What you need to do: Retrieve each line that contains the word "Light" from the entries below.

══ Records provided ══

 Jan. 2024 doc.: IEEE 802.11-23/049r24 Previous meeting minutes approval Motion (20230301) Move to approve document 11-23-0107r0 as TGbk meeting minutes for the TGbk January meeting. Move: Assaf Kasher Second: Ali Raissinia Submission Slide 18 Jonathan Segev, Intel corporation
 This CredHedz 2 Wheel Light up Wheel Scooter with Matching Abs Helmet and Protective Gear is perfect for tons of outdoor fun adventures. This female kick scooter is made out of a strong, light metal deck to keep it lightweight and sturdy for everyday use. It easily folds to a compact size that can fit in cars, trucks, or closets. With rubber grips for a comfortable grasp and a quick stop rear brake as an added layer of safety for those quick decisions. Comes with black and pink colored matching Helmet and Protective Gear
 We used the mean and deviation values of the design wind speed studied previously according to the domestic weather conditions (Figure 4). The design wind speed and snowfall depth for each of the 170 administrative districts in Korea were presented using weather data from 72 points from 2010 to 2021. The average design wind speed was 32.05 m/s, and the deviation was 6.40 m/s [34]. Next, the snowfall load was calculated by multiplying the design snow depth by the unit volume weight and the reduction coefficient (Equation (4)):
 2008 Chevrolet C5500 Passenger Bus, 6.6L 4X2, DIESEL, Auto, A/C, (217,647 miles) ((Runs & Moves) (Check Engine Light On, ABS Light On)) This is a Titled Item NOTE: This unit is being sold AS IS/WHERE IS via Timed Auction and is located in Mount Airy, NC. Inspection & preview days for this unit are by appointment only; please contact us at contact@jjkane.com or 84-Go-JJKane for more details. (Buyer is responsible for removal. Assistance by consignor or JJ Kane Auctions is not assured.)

═══
══ Records provided ══

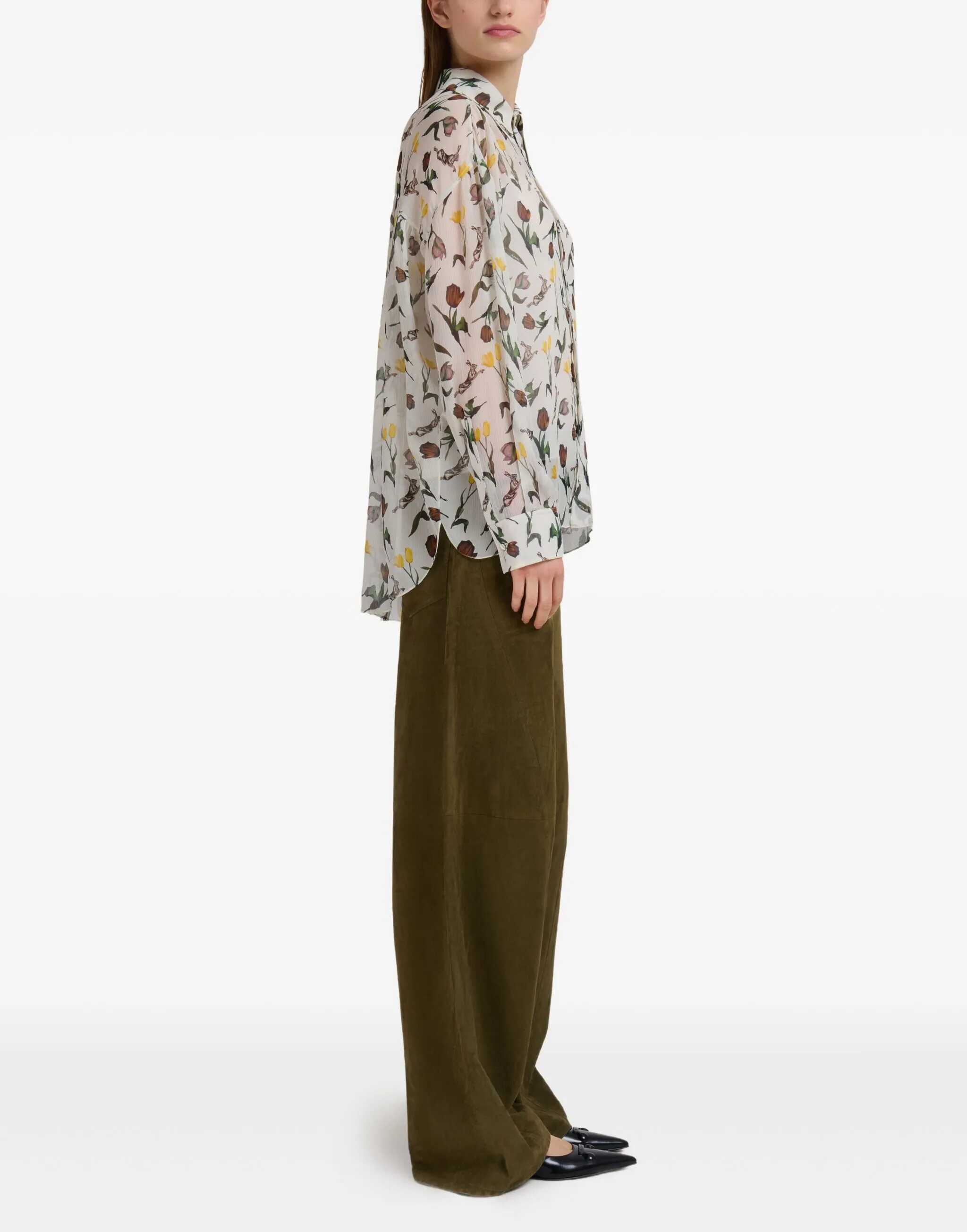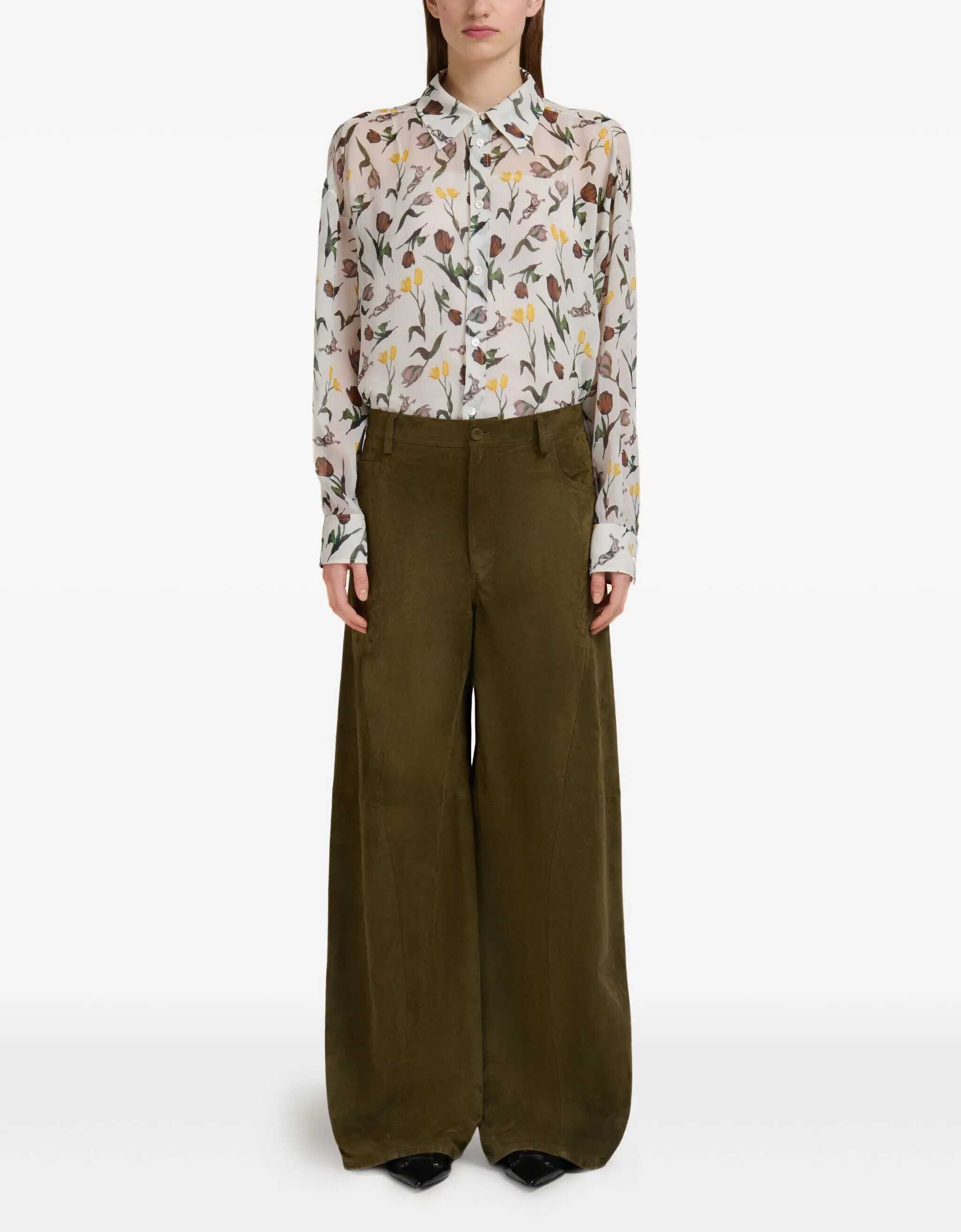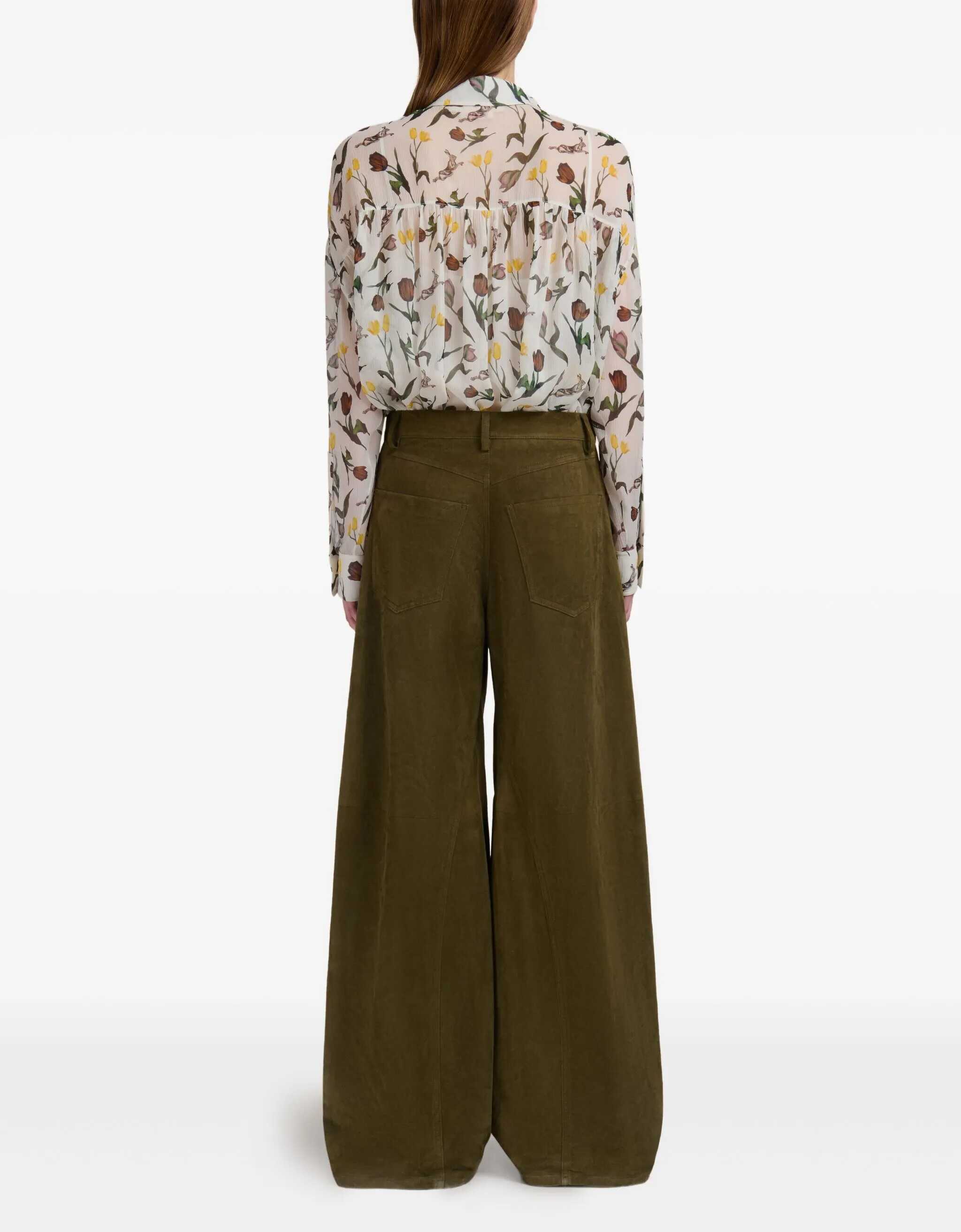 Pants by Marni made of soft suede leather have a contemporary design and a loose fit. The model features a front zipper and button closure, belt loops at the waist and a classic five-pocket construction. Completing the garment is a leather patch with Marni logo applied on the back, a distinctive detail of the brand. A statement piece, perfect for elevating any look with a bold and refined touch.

═══

Final answer:
 This CredHedz 2 Wheel Light up Wheel Scooter with Matching Abs Helmet and Protective Gear is perfect for tons of outdoor fun adventures. This female kick scooter is made out of a strong, light metal deck to keep it lightweight and sturdy for everyday use. It easily folds to a compact size that can fit in cars, trucks, or closets. With rubber grips for a comfortable grasp and a quick stop rear brake as an added layer of safety for those quick decisions. Comes with black and pink colored matching Helmet and Protective Gear
 2008 Chevrolet C5500 Passenger Bus, 6.6L 4X2, DIESEL, Auto, A/C, (217,647 miles) ((Runs & Moves) (Check Engine Light On, ABS Light On)) This is a Titled Item NOTE: This unit is being sold AS IS/WHERE IS via Timed Auction and is located in Mount Airy, NC. Inspection & preview days for this unit are by appointment only; please contact us at contact@jjkane.com or 84-Go-JJKane for more details. (Buyer is responsible for removal. Assistance by consignor or JJ Kane Auctions is not assured.)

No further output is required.